ACTION ITEM: Repeat exactly the lines below from the line that contains "Custom Hunter Green" to the last line, inclusive, without the pictures.
[Start of Attachment]
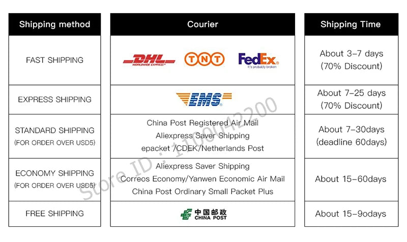 Standard shipping time for the countries covered by our delivery partners are presented below. You can find them when choosing for a delivery method before confirming your order:
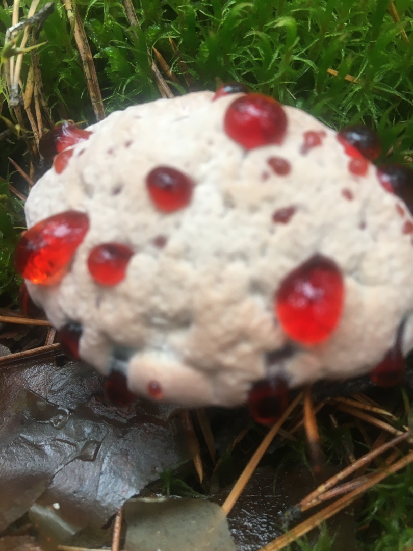 А вот такие видели?))) На пироженку похож) Это Гиднеллум Пека,он-же дьявольский гриб)), он же дьявольский зуб))). 100% процентная летальность от яда, но при этом этот яд возможно станет заменителем пенициллина и гепарина). А его настойкой хорошо синяки сводить)). А ещё он ест насекомых и немного пахнет клубникой)). Как раз после дождей появляются такие красивые капельки))) яда))). К осени становится тоже красивого чернильного цвета)).
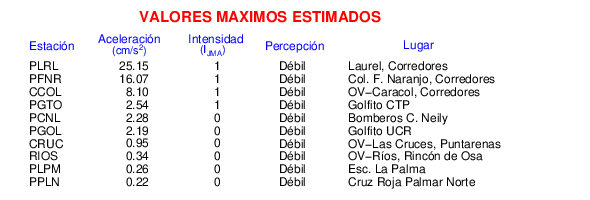 Intensidades en sitios de registro.Cada uno de los cuadrados en el mapa corresponde a la ubicación de un acelerógrafo al momento del sismo. Estos se muestran en distintos colores según la escala mostrada al pie de la figura.
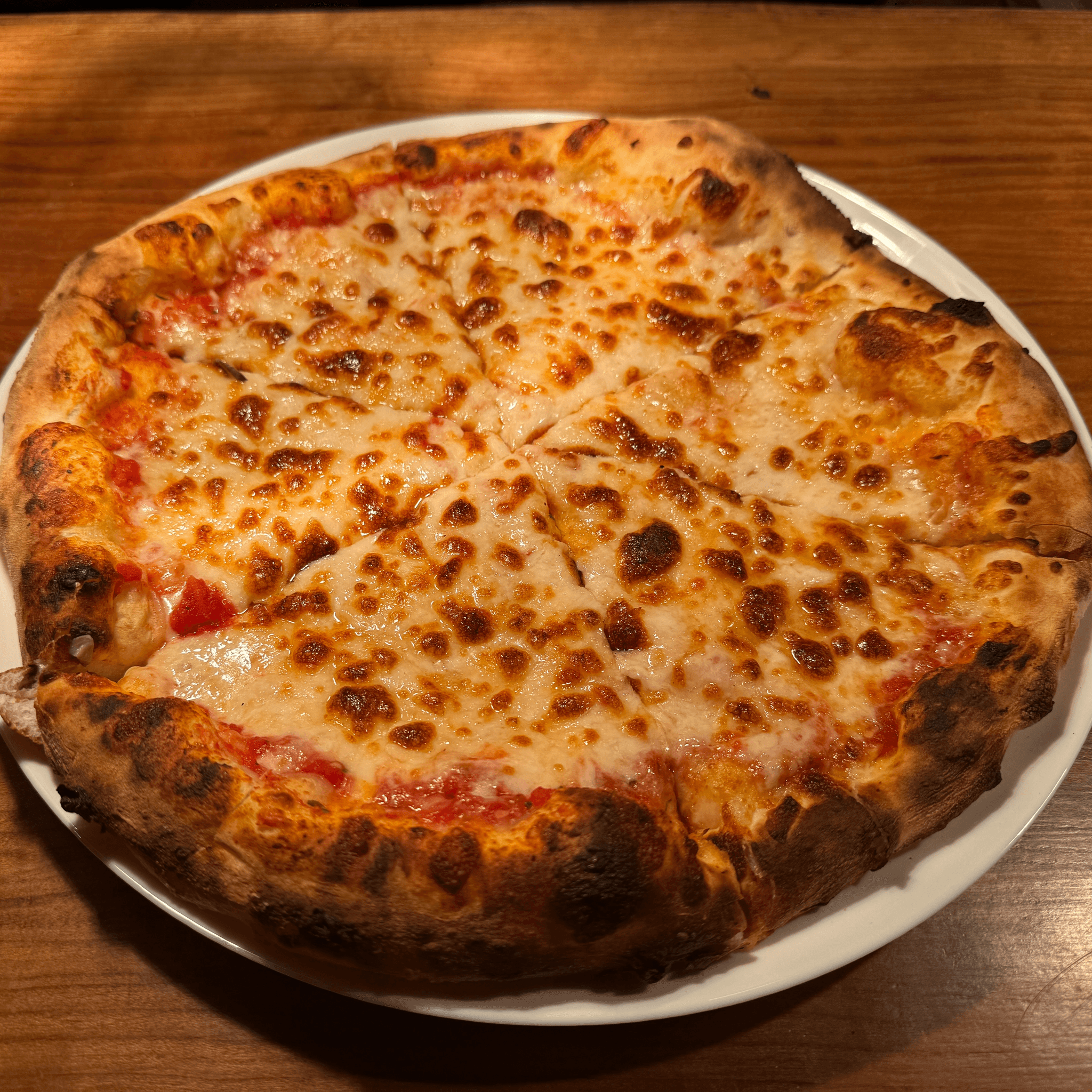 House Tomato Sauce, Fresh Mozzarella,Cecca Tomato Parmesan, Basil, Olive oil.
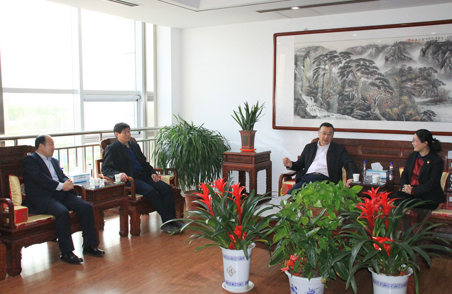 伊繼文主任一行同王兆連董事長在公司接待室展開深入交流
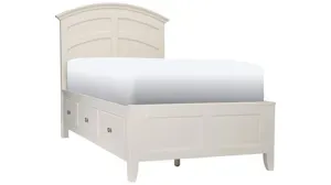 The gentle curves of the Kylie Storage Bed set it apart. From the arched silhouette of the headboard to the boot heel feet, each shapely detail is a graceful accent. The smooth cream finish and round black nickel-finished drawer knobs enhance the simple clean lines of this appealing set.
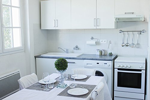 MaxHold Porta Utensili da Cucina con 7 Ganci - Sistema di Vuoto - Portasciugamani con Ventose - Niente Fori Necessari - Acciaio Inossidabile Nessuna Ruggine - Utilizzabile in Bagno e Cucina
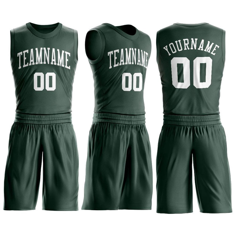 Custom Hunter Green White Round Neck Suit Basketball Jersey
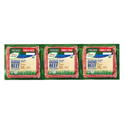 Simply Nature Organic Grass Fed 93% Ground Beef is the ideal choice for your meals. This organic beef is 100% grass-fed and contains no antibiotics or added hormones. Use it in burgers, meatballs or tacos for a flavorful and nutritious dish. Simply Nature Organic Grass Fed Ground Beef brings quality and taste to your table.
[End of Attachment]
EXPECTED ANSWER:
 Custom Hunter Green White Round Neck Suit Basketball Jersey
 Simply Nature Organic Grass Fed 93% Ground Beef is the ideal choice for your meals. This organic beef is 100% grass-fed and contains no antibiotics or added hormones. Use it in burgers, meatballs or tacos for a flavorful and nutritious dish. Simply Nature Organic Grass Fed Ground Beef brings quality and taste to your table.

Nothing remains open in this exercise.